Stop Mindless Snacking to Lose Weight


Woman Late Night Snacking in Front of Computer

Mindless snacking is our number one saboteur of weight loss. Whether sitting in front of the television or continuing to nibble on leftovers long after dinner is over, our snacking habits can amount to several extra hundred calories consumed each day. Many times the snack foods we choose are packaged foods that are high in undesirable additives, sugar, and sodium, which compound our snacking problem. These types of foods can raise bad cholesterol in the blood and can lead to a greater risk of heart disease and diabetes.

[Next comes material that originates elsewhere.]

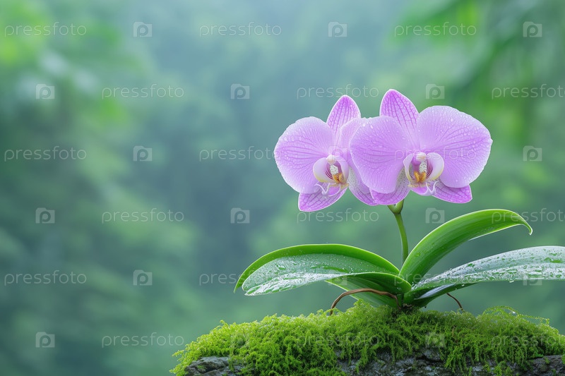 Фиолетовый цветок орхидеи на фоне зеленого мха с местом для копирования
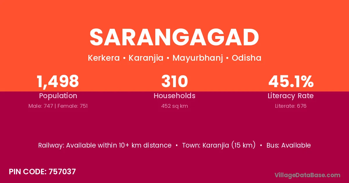 Karanjia (15 km) is the nearest town to Sarangagad village for major economic activities and is located approximately 15 km away.

Healthy Alternatives to Mindless Snacking

If much of our mindless eating comes from emotional stress or simple boredom, taking a head-on approach to these problems will help you avoid the excess calories that come from snacking.

  1. Engage in an activity you enjoy and beat the boredom. Reading, going out to a movie, taking a stroll with a friend, or walking your dog is a great ways to engage your mind and entertain yourself.
  2. If you are feeling emotional, call a good friend or family member and talk it out. Telling another person how you are feeling can help relieve feelings of isolation and sadness.
  3. Find ways to de-stress. Yoga and other mindfulness exercises are wonderful ways to let the stress of the day go and achieve balance between your mind and body.

Whenever you feel like snacking, stop and gauge whether or not you are really, truly hungry. If you determine that you are truly hungry, reach for a satisfying whole food such as some ripe pineapple with cottage cheese or a few nuts alongside some Greek yogurt instead of a packaged, processed food.